(Source records)

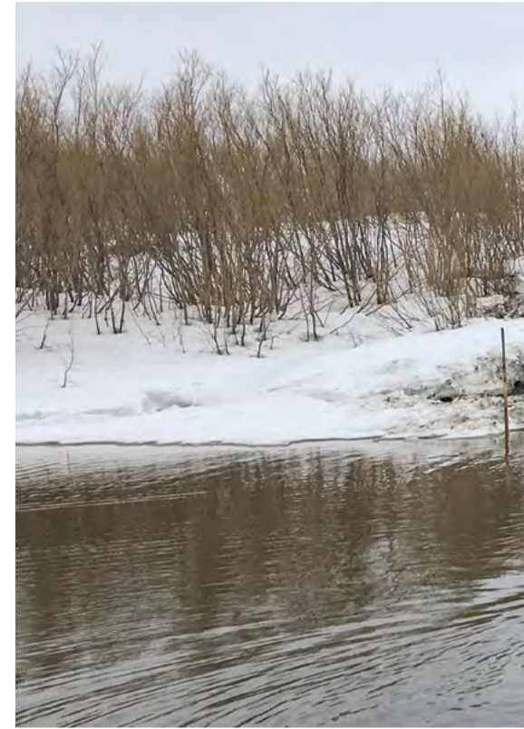
Переправа через уже закрывшийся зимник. Игарка, КР

«Когда мы делали анализ изменения климата по метеостанциям, то смотрели его в разбивку по месяцам, и там хорошо видно: осенью, по крайней мере за последние 60 лет, температура если и меняется, то не сильно. То есть осенний период по продолжительности сравни-
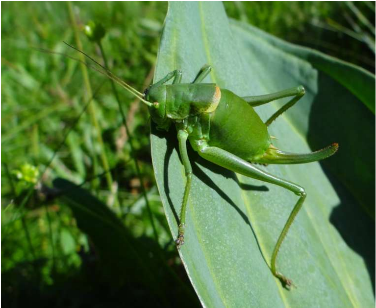
(Lieux : aux alentours du Rothenbachkopf « sur les hauteurs de MITTLACH » - 09.07.2016)
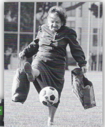
Alter schützt nicht vor TORheit

Oftmals braucht es aber auch liebevolle Angehörige, die fest hinter unseren älteren Menschen stehen und ihnen etwas Unterstützung bei der täglichen Motivation geben! Danke!
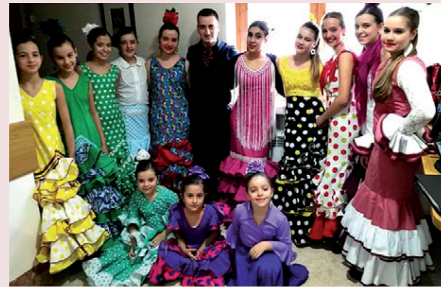
'La gitanilla' (izquierda) y actuaciones en Aitona y Sant Joan de Déu
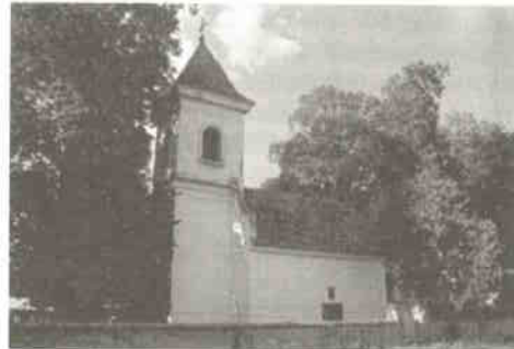
3. kép: Illocska, Szent Paraskeva-templom

Természetes, hogy a szerb egyházközösségeknek nem voltak saját építőcsoportjaik. Valószínűleg olyan mesterembereket bíztak meg, akik már jártasak voltak a templomépítésben, még ha nem is láttak szerbiai templomokat. Majs példája jól mutatja e ötvöződést. Az 1780 körül épült templomhajóhoz később épült a barokk torony – az övpárkányok nem is találkoznak. Valószínűleg katolikus műveltségű mesteremberek építhették, mert az előképeiknek megfelelően szoborfülkéket helyeztek el az alsó szinten. Mivel a bizánci rítusú templomokban nem szabad szobrot állítani, használati e tényt úgy hidalták át, hogy a templom védőszentjének képét festették bele.
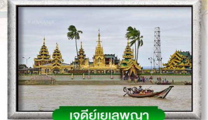
เจดีย์เลพญา
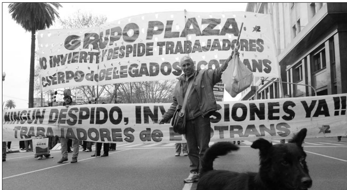
Movilización del cuerpo de delegados de Ecotrans (grupo Plaza), en 2008. La concentración empresaria del transporte público se sostiene con un festival de subsidios y la precariedad laboral.
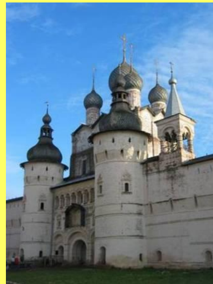
Надвратная церковь Воскресения
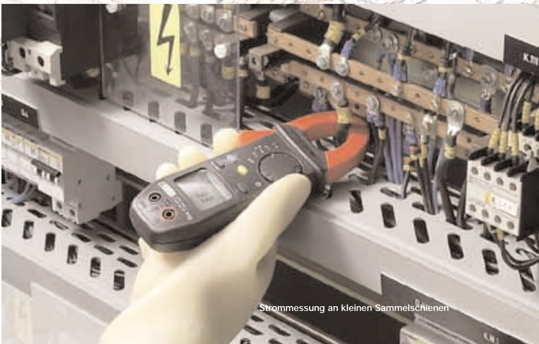
Strommessung an kleinen Sammelschienen

Jede der Zangen wählt automatisch die Art des zu messenden Signals (AC oder DC) sowie den Messbereich (Autorange), natürlich ist aber auch ein manueller Betrieb möglich.
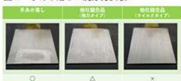
図1 手アカ落としの洗浄力試験

● 洗浄力試験 ● 試験方法：自社洗浄力試験 一作成した人工皮膚を液剤0.5mLで拭き取り試験 洗浄面積と残滓性(拭き残り)で比較・評価した。

▸ Instructions for the task
Exclude the pictures and give back the rest of the data above exactly as written.

▸ Answer for this exercise
Переправа через уже закрывшийся зимник. Игарка, КР

«Когда мы делали анализ изменения климата по метеостанциям, то смотрели его в разбивку по месяцам, и там хорошо видно: осенью, по крайней мере за последние 60 лет, температура если и меняется, то не сильно. То есть осенний период по продолжительности сравни-
(Lieux : aux alentours du Rothenbachkopf « sur les hauteurs de MITTLACH » - 09.07.2016)
Alter schützt nicht vor TORheit

Oftmals braucht es aber auch liebevolle Angehörige, die fest hinter unseren älteren Menschen stehen und ihnen etwas Unterstützung bei der täglichen Motivation geben! Danke!
'La gitanilla' (izquierda) y actuaciones en Aitona y Sant Joan de Déu
3. kép: Illocska, Szent Paraskeva-templom

Természetes, hogy a szerb egyházközösségeknek nem voltak saját építőcsoportjaik. Valószínűleg olyan mesterembereket bíztak meg, akik már jártasak voltak a templomépítésben, még ha nem is láttak szerbiai templomokat. Majs példája jól mutatja e ötvöződést. Az 1780 körül épült templomhajóhoz később épült a barokk torony – az övpárkányok nem is találkoznak. Valószínűleg katolikus műveltségű mesteremberek építhették, mert az előképeiknek megfelelően szoborfülkéket helyeztek el az alsó szinten. Mivel a bizánci rítusú templomokban nem szabad szobrot állítani, használati e tényt úgy hidalták át, hogy a templom védőszentjének képét festették bele.
เจดีย์เลพญา
Movilización del cuerpo de delegados de Ecotrans (grupo Plaza), en 2008. La concentración empresaria del transporte público se sostiene con un festival de subsidios y la precariedad laboral.
Надвратная церковь Воскресения
Strommessung an kleinen Sammelschienen

Jede der Zangen wählt automatisch die Art des zu messenden Signals (AC oder DC) sowie den Messbereich (Autorange), natürlich ist aber auch ein manueller Betrieb möglich.
図1 手アカ落としの洗浄力試験

● 洗浄力試験 ● 試験方法：自社洗浄力試験 一作成した人工皮膚を液剤0.5mLで拭き取り試験 洗浄面積と残滓性(拭き残り)で比較・評価した。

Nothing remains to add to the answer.